Question

How To Identify The Up And Down Regulated Genes From Cuff Diff

2

Entering edit mode

11.9 years ago

sridhar2bioinfo ▴ 20

Dear All,

How to identify the Up and down regulated genes from the diff genes, I got diffgenes using Codes ref:(write diffGenes/diffGeneIDs in a tab file)

In my diff_gene.txt file could see most of the log2fold change values are +inf and -inf. From the list how to separate the up and down regulated genes??

Cheers

Sridhar

cuffdiff cummerbund • 12k views

ADD COMMENT • link updated 3.1 years ago by Ram 45k • written 11.9 years ago by sridhar2bioinfo ▴ 20

1

Entering edit mode

Hi, do you mean you want to separate the genes or to know which is which? If you get +inf or -inf, then one of your condition might have zero count such that you've got 0 fold change.

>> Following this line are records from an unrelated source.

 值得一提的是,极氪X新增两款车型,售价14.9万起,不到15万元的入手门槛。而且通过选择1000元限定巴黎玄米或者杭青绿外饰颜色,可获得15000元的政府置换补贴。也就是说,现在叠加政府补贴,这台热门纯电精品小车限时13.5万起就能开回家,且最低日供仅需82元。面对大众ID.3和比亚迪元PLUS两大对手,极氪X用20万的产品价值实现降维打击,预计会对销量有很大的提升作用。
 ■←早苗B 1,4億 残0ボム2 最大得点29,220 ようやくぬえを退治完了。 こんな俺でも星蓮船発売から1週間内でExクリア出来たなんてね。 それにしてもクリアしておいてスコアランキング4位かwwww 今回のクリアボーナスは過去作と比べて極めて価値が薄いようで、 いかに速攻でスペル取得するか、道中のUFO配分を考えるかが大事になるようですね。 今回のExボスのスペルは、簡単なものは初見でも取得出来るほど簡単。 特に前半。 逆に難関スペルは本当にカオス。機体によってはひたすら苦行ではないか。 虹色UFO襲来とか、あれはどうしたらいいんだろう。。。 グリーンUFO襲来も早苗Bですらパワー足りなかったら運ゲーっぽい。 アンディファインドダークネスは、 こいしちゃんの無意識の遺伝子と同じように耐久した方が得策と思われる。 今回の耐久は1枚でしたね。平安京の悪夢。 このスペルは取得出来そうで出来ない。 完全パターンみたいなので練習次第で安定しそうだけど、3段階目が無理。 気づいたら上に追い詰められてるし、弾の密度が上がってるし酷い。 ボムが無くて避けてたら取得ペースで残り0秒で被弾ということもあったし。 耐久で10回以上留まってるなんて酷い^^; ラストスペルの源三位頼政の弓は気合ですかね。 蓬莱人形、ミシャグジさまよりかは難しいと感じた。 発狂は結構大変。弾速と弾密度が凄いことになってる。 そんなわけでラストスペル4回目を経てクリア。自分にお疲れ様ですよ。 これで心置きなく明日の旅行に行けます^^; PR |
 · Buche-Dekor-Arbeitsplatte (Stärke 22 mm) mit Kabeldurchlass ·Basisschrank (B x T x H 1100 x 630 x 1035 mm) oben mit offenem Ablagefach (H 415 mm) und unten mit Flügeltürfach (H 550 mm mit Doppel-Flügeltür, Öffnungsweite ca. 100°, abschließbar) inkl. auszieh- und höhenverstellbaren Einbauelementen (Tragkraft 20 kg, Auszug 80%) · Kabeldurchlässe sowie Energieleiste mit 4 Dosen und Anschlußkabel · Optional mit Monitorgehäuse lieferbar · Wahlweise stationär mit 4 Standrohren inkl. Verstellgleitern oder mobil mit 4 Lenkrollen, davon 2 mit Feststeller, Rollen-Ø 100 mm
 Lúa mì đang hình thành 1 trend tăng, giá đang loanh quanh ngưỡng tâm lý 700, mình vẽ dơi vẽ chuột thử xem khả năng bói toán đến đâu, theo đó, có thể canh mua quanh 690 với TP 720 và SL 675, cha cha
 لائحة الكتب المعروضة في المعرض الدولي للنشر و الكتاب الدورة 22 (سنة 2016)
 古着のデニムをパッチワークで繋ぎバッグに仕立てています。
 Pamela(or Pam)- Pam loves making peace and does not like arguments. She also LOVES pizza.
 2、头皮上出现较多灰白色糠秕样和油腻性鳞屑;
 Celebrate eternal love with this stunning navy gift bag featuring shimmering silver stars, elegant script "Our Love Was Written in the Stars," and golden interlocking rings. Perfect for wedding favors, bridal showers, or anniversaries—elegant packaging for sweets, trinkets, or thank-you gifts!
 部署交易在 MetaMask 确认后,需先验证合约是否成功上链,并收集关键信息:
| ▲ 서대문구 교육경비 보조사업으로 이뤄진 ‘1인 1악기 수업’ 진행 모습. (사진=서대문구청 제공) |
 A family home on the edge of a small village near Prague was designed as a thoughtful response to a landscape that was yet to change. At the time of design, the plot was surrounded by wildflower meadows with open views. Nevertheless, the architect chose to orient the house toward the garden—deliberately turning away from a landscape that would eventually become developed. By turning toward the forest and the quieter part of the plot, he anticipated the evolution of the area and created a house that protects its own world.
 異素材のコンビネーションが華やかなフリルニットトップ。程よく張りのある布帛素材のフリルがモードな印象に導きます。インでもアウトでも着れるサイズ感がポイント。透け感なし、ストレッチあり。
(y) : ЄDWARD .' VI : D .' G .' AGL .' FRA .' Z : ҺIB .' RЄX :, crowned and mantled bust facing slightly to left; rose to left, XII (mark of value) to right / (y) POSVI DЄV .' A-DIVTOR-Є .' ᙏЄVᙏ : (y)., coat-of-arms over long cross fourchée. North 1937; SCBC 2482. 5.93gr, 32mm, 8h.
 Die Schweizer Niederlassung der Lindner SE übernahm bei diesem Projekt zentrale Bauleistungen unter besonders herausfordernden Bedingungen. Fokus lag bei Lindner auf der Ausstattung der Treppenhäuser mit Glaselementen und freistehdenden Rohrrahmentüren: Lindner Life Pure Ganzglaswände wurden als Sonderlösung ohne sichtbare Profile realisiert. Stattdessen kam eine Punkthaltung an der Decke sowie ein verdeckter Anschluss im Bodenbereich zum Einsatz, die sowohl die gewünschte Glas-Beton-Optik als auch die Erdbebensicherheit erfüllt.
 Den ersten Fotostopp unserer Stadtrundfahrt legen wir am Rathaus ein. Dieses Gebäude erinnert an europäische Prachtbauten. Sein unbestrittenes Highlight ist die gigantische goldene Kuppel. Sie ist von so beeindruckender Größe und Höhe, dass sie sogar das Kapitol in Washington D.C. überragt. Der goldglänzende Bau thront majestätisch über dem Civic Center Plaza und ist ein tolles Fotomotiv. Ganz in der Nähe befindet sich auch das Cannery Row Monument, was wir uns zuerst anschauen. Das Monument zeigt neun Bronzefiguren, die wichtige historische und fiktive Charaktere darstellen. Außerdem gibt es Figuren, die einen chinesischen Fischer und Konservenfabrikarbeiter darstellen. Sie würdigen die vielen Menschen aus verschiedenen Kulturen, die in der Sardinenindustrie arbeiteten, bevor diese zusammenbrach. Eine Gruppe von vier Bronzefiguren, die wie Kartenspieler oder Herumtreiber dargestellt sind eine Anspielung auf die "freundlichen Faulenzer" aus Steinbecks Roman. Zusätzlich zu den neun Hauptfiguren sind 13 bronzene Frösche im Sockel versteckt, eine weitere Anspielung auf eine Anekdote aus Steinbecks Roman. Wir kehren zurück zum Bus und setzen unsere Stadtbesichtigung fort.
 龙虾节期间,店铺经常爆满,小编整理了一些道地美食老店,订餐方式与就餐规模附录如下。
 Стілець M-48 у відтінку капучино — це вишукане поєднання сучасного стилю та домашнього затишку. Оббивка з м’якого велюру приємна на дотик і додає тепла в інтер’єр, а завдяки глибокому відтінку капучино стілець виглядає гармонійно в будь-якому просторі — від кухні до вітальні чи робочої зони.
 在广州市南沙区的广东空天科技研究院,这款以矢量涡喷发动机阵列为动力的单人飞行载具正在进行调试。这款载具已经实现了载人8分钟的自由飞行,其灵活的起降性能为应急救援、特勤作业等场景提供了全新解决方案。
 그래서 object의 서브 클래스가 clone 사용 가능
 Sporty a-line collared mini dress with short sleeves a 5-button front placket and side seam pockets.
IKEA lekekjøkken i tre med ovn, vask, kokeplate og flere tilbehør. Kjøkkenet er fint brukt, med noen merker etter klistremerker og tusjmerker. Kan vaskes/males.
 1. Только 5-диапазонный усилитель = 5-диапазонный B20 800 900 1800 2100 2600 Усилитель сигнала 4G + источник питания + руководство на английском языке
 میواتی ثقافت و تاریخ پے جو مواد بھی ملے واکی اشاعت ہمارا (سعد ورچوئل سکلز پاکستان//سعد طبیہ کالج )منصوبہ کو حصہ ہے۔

As a result of that you will get +inf or -inf values. If I remember correctly, a genes with positive log2fold change will be up-regulated from condition A to condition B (if condition A/condition B) and negative log2fold change means a down-regulation.

ADD REPLY • link 11.9 years ago by Sam ★ 4.8k

0

Entering edit mode

Thanks for the reply Sam.. yeah i want to know which genes are up and down regulated... you mean +inf are up regulated and -inf are downregulated??

ADD REPLY • link 11.9 years ago by sridhar2bioinfo ▴ 20

Ram · Answer 1 · 2013-10-24

4

Entering edit mode

11.8 years ago

seidel 11k

The gene expression ratio results of a cuffdiff analysis are found in the file: gene_exp.diff. Each row of the file represents a gene measured under two conditions. There are three essential columns you need to answer your question: value_1, value_2, log2(fold_change). The value_1 column contains FPKM values for each gene in sample 1. The value_2 column contains FPKM values for each gene in sample 2. The log2(fold_change) column represents the ratio of the two measurements as: log2(sample_2/sample_1). Since it is in log2 space, positive values mean enrichment in sample_2 over sample_1, and negative values mean enrichment in sample_1 over sample_2. As pointed out by Sam, because it's easy to have 0 reads for some genes in either sample, you will get +Inf and -Inf when taking a ratio that has 0 in either the numerator or denominator. Thus the answer to your question is that in your list, the genes with positive values in the log2(fold_change) are enriched in sample_2 (what you are referring to as up-regulated), and those with negative values are enriched in sample_1 relative to sample_2 (which you refer to as down-regulated). Keep in mind however, that enrichment is an observation, up or down-regulation is a mechanism. You are observing enrichment, not a mechanism.

ADD COMMENT • link 11.8 years ago by seidel 11k

2

Entering edit mode

Yup, siridhar2bioinfo, seidel should have answered your question. If you want to pick the up-regulated genes or the down-regulated genes by using commands like awk:

assuming the column of log2(fold_change) is 3 (I am not familiar with cuffdiff output as I prefer using DESeq and edgeR), then you can do:

awk '{if($3 > 0 && index($3,"+inf")==0){print $0 > "Up_Regulated.txt"}else if($3<0 && index($3,"-inf")==0){print $0 > "Down_Regulated.txt"}}' InputFile

Then you will have the Up_Regulated.txt file which contains all the up-regulated observations and Down_Regulated.txt which contains all the down-regulated observations, removing all the +inf and -inf genes.

ADD REPLY • link 11.8 years ago by Sam ★ 4.8k

0

Entering edit mode

Thank you seidel and sam for your reply..

Please make me clear whether to consider the log2 foldchange values -inf and +inf or remove these values??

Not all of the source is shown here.